Profile
My research interests lie at the intersection of data analysis and particle physics, particularly on the study of the Higgs sector. I earned my bachelor’s degree at Hacettepe University in Ankara/Turkey at the Physics Engineering department with honorary mention, where I continued my master studies with an emphasis on experimental particle physics that allowed me to collaborate with Istanbul Technical University to work on CMS detector at CERN, Initially I was involved in the upgrade studies, and later in the analysis of collision data collected by CMS in order to quantify the radiation damage on the detector components. After finalizing my master studies, I joined the research group of the Université Clermont Auvergne as a PhD student at Laboratoire de Physique de Clermont (LPC). My PhD research covered a broad range of topics within the ATLAS experiment at the LHC. There I was involved in two important physics analyses; the search for Higgs boson production in association with the top quark pair (ttH), and the search for Higgs boson pair production (HH). The former allows a direct measurement of the top-Higgs Yukawa coupling, whereas the latter is required to probe the Higgs potential, both high-priority topics in the exploration of the Higgs sector. Both searches focused on multi-lepton final states. I recently started as a postdoctoral researcher at IFAE, and continue to work in ATLAS. Building on my broad expertise on searches in multi-lepton final states, I am playing a leading role in an ambitious program of uncovered searches for new phenomena, such as flavor-violating heavy Higgs bosons that are preferentially coupled to the top quark. I am responsible for the software preparation, data preprocessing and augmentation based on cloud and batch computing infrastructure of CERN. On this context, I designed deep neural-networks (NN) for multi-class classification tasks in order to classify different signal models, as well as to discriminate the signals from backgrounds and I optimised their setup based on standard practices for hyper-parameters search. I enhanced these classification algorithms by regulating the NN in order to obtain a ”decorrelated classifier” to ensure the stability of the network predictions over changes of individual features.

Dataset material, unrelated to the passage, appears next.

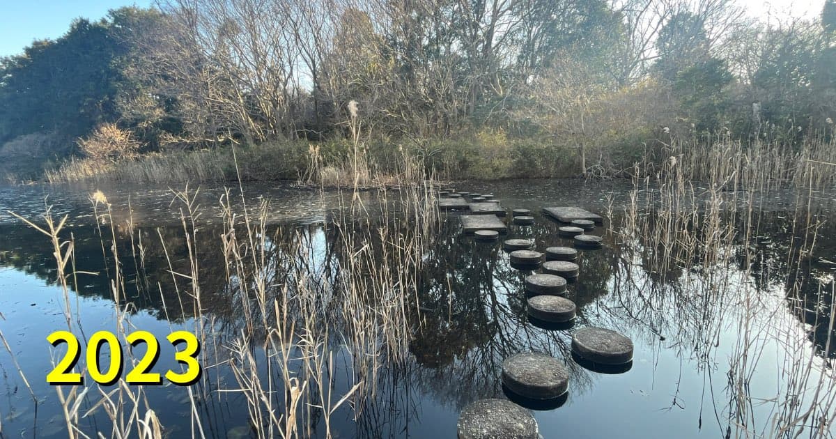 2023年。木々が生い茂り緑一色。目印は土管だけです。

I am working as well on the statistical interpretation of the analysis.
Project
The Standard Model (SM) is very successful in explaining almost all experimental data to date, and it’s complete with the discovery of the long-awaited Higgs boson at the CERN Large Hadron Collider (LHC). However, despite its tremendous success as a theory for the fundamental interactions, it lacks explanations for ”dark mat- ter” and ”dark energy”, the matter-antimatter asymmetry, and cannot describe gravitational phenomena in the quantum regime. In addition, the fact that the observed Higgs boson mass is so small, while being subject to large quantum corrections (known as the ”hierarchy problem”), and the puzzling structure of masses and mixings of elementary fermions (known as the ”flavour puzzle”) are still big mysteries. In the SM, the fermion masses are proportional to their couplings with the Higgs boson, and these couplings are flavour diagonal. This special structure of nature could be governed by some yet hidden dynamics. A simple and natural extension of the SM is the inclusion of two Higgs doublets (2HDM). In 2HDM scenarios with a CP-conserving Higgs potential, the Higgs bosons after Electroweak Symmetry Breaking are two neutral CP-even (h and H), one neutral CP-odd (A) and two charged (H±) Higgs bosons. The well-known 2HDM Type-I/II however invoke a Z2 symmetry to implement the Natural flavour Conservation (NFC) condition, i.e. just one Yukawa coupling matrix per lepton charge, and forbids all flavour changing neutral Higgs (FCNH) couplings. Many studies show that dropping this ad-hoc symmetry is possible, which will allow for flavour-violating processes, remaining consistent with all experimental data. A general 2HDM (g2HDM) including off-diagonal Yukawa couplings for the second doublet in the alignment limit, can be probed at LHC and these scenarios can address several shortcomings of the SM: electroweak baryogenesis, strong CP problem, flavour problem, etc. On the other side, there are many open questions related to lepton properties and interactions. UV-complete models, which extend the SM into asymptotically safe are among the simplest extensions of the SM and Vector- like-leptons (VLL) appear in such extensions that can address several shortcomings of the SM, such as the ”hierarchy problem” and the ”flavour puzzle”.